Abstract
Background PARP inhibitors (PARPi) kill cancer cells by stalling DNA replication and preventing DNA repair, resulting in a critical accumulation of DNA damage. Resistance to PARPi is a growing clinical problem in the treatment of high grade serous ovarian carcinoma (HGSOC). Acetylation of histone H3 lysine 14 (H3K14ac) and associated histone acetyltransferases (HATs) and epigenetic readers have known functions in DNA repair and replication. Our objectives are to examine their expression and activities in the context of PARPi-resistant HGSOC, and to determine if targeting H3K14ac or associated proteins has therapeutic potential.

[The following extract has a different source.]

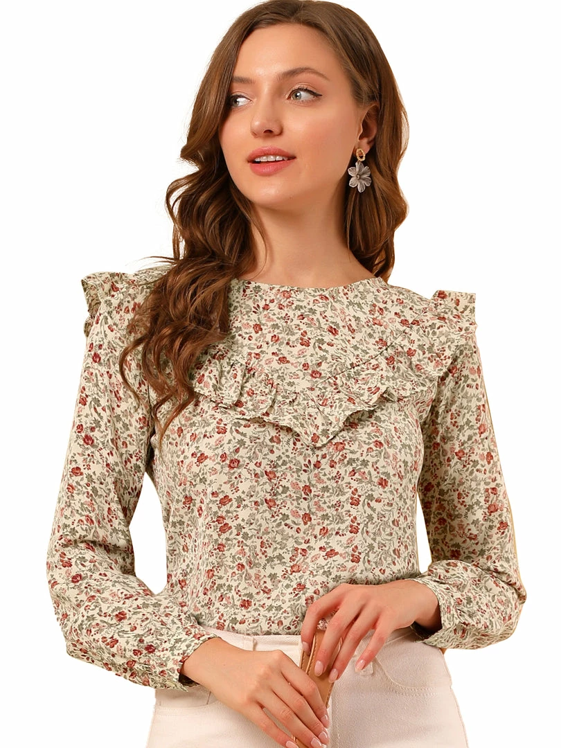 Allegra K Women’s Floral Printed Top Long Sleeve Round Neck Ruffle Collar Blouse

Results Using mass spectrometry profiling of histone modifications, we observed increased H3K14ac enrichment in PARPi-resistant HGSOC cells relative to isogenic PARPi-sensitive lines. By RT-qPCR and RNA-Seq, we also observed altered expression of numerous HATs in PARPi-resistant HGSOC cells and a PARPi-resistant PDX model. Knockdown of HATs only modestly altered PARPi response, although knockdown and inhibition of PCAF significantly increased resistance. Pharmacologic inhibition of HBO1 severely depleted H3K14ac but did not affect PARPi response. However, knockdown and inhibition of BRPF3, which is known to interact in a complex with HBO1, did reduce PARPi resistance.
Conclusions This study demonstrates that severe depletion of H3K14ac does not affect PARPi response in HGSOC. Our data suggest that bromodomain functions of HAT proteins, such as PCAF, or accessory proteins, such as BRPF3, may play a more direct role compared to direct histone acetyltransferase functions in PARPi response.
Competing Interest Statement
The authors have declared no competing interest.
Footnotes
The manuscript has been updated with PARPi dose-response replicate data, including Table 1 and Supplemental Fig. S2 and S5.